BEGIN
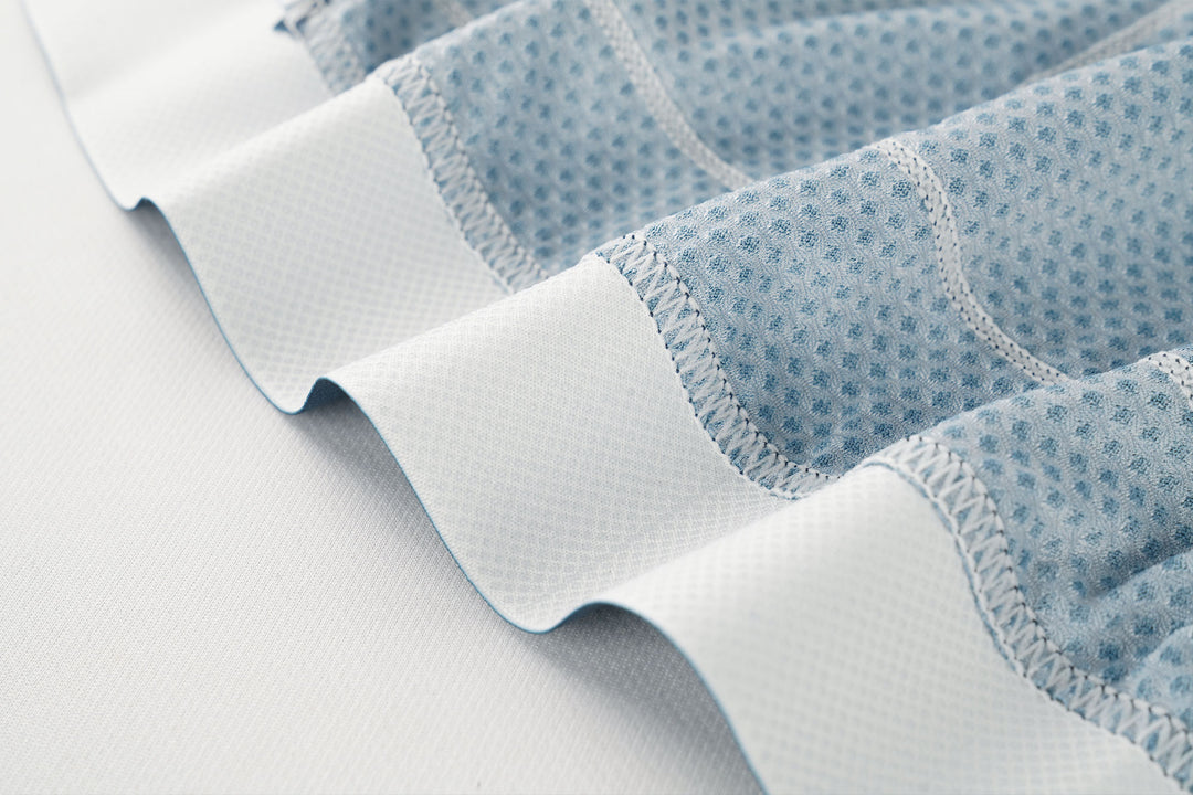 Uneven bubbles on its surface, hence the name. The special bubble structure makes the contact between cloth and the skin become 3D contact, so when wearing you will have strong cooling, breathable and 3D sense. It is more focused on the moisture wicking performance, but also provides SPF30+, good extensibility 4-way stretch and lighter soft.
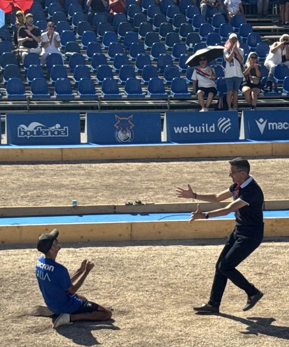 FRANKOPHON. Palau, südpazifisches Inselreich, war letzter Vorrunden-Gegner und zu stark für die DPV-Doublette-Männer (2:13). Palaus WM-Aktive haben recht französisch klingende Namen (Frédéric Bauer, Theo Vaurs …). Das Land gehört dem Weltverband FIPJP erst seit 2024 an, Amtssprache dort ist Englisch.
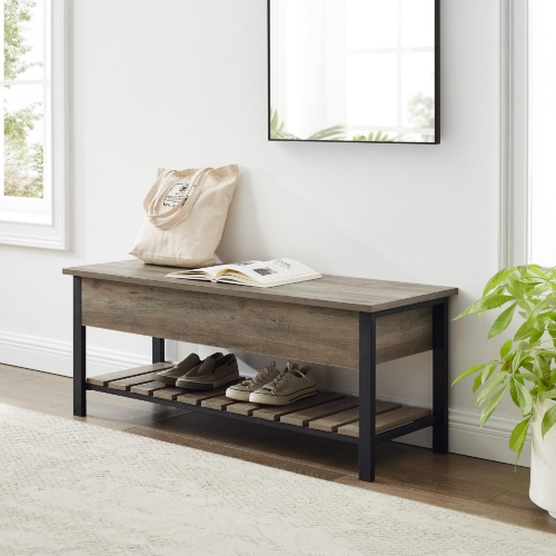 Walker Edison 48" Modern Farmhouse Storage Bench in Grey Wash
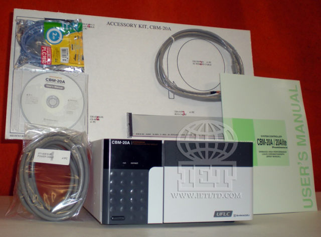 Refurbished Shimadzu CBM-20A controller (CAT NO 228-45012-32) OPTIONAL: bus cable, power cable, LAN cable, AC remote cable and CD-ROM. New-in-the-box and refurbished modules available. Up to eight modules can be connected. Adding up to two A/D conversion boards makes it possible to accept an analog signal from non-Shimadzu detectors.
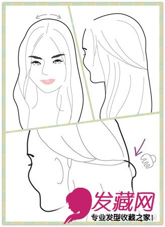 Step2 之后同前面最外层的头发中挑出大约5厘米左右的发束向后拉。
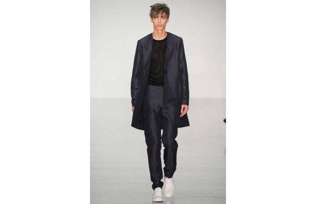 I seem to love everything that Agi & Sam come up with. Each season their look is so completely different but manages to maintain a sense of their identity. They really need to be applauded for that alone. For SS15 the look is all about slightly Japanese style loose-fitting smock jackets, socks with sandals (sorry I can’t buy into this strand) and pleated trousers. The colours were controlled switching between block whites, blues, grey and camel. Camel it seems will be a big feature next summer having featured across a few designers collections.
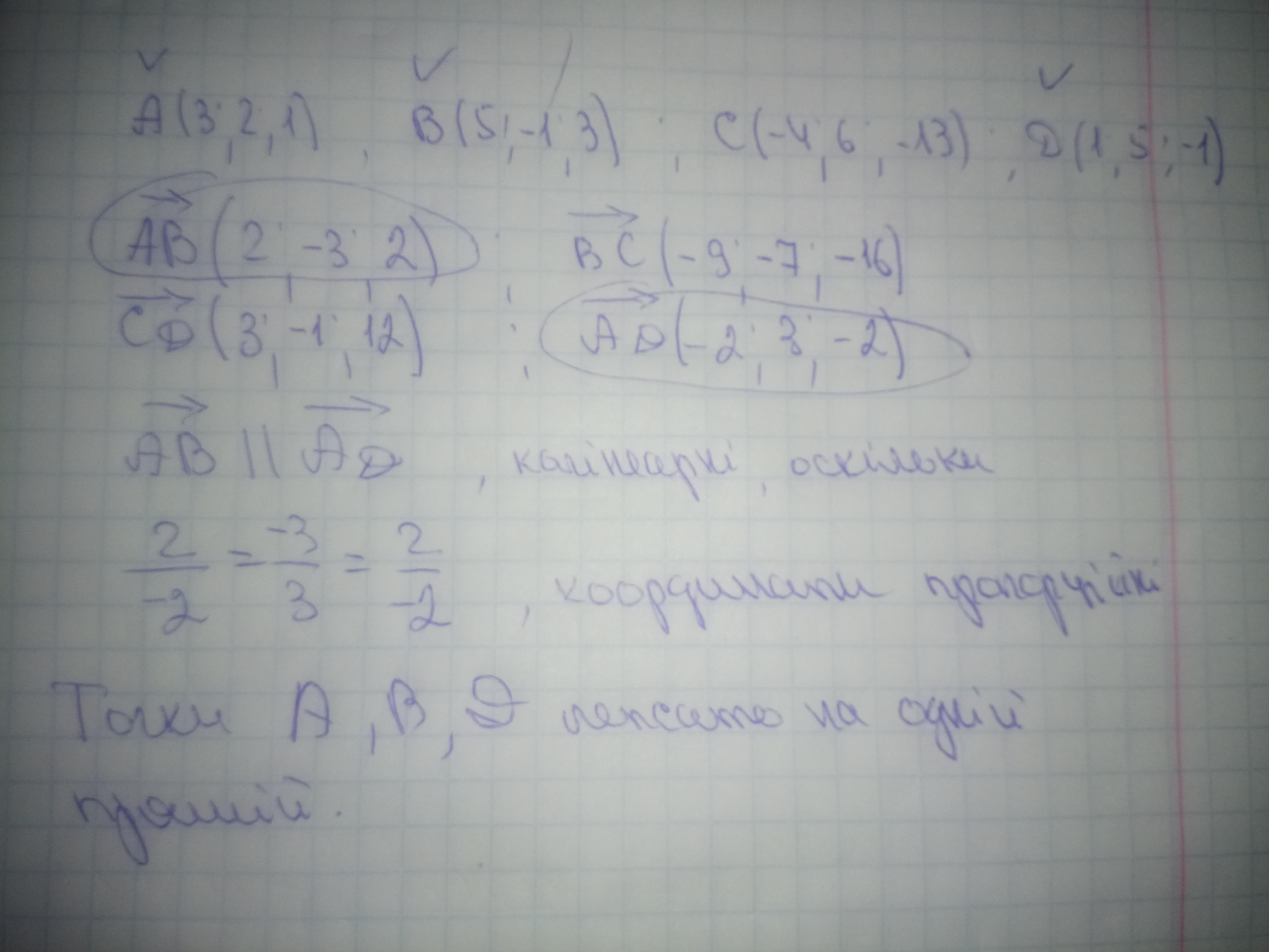 Які три з чотирьох точок лежать на одній прямій, якщо А(3;2;1), В(5; –1; 3), С(–4; 6; –13), D(1; 5; –1)?
END
TASK TO COMPLETE:
The records above should be reproduced exactly, with no pictures included.

SOLUTION:
 Uneven bubbles on its surface, hence the name. The special bubble structure makes the contact between cloth and the skin become 3D contact, so when wearing you will have strong cooling, breathable and 3D sense. It is more focused on the moisture wicking performance, but also provides SPF30+, good extensibility 4-way stretch and lighter soft.
 FRANKOPHON. Palau, südpazifisches Inselreich, war letzter Vorrunden-Gegner und zu stark für die DPV-Doublette-Männer (2:13). Palaus WM-Aktive haben recht französisch klingende Namen (Frédéric Bauer, Theo Vaurs …). Das Land gehört dem Weltverband FIPJP erst seit 2024 an, Amtssprache dort ist Englisch.
 Walker Edison 48" Modern Farmhouse Storage Bench in Grey Wash
 Refurbished Shimadzu CBM-20A controller (CAT NO 228-45012-32) OPTIONAL: bus cable, power cable, LAN cable, AC remote cable and CD-ROM. New-in-the-box and refurbished modules available. Up to eight modules can be connected. Adding up to two A/D conversion boards makes it possible to accept an analog signal from non-Shimadzu detectors.
 Step2 之后同前面最外层的头发中挑出大约5厘米左右的发束向后拉。
 I seem to love everything that Agi & Sam come up with. Each season their look is so completely different but manages to maintain a sense of their identity. They really need to be applauded for that alone. For SS15 the look is all about slightly Japanese style loose-fitting smock jackets, socks with sandals (sorry I can’t buy into this strand) and pleated trousers. The colours were controlled switching between block whites, blues, grey and camel. Camel it seems will be a big feature next summer having featured across a few designers collections.
 Які три з чотирьох точок лежать на одній прямій, якщо А(3;2;1), В(5; –1; 3), С(–4; 6; –13), D(1; 5; –1)?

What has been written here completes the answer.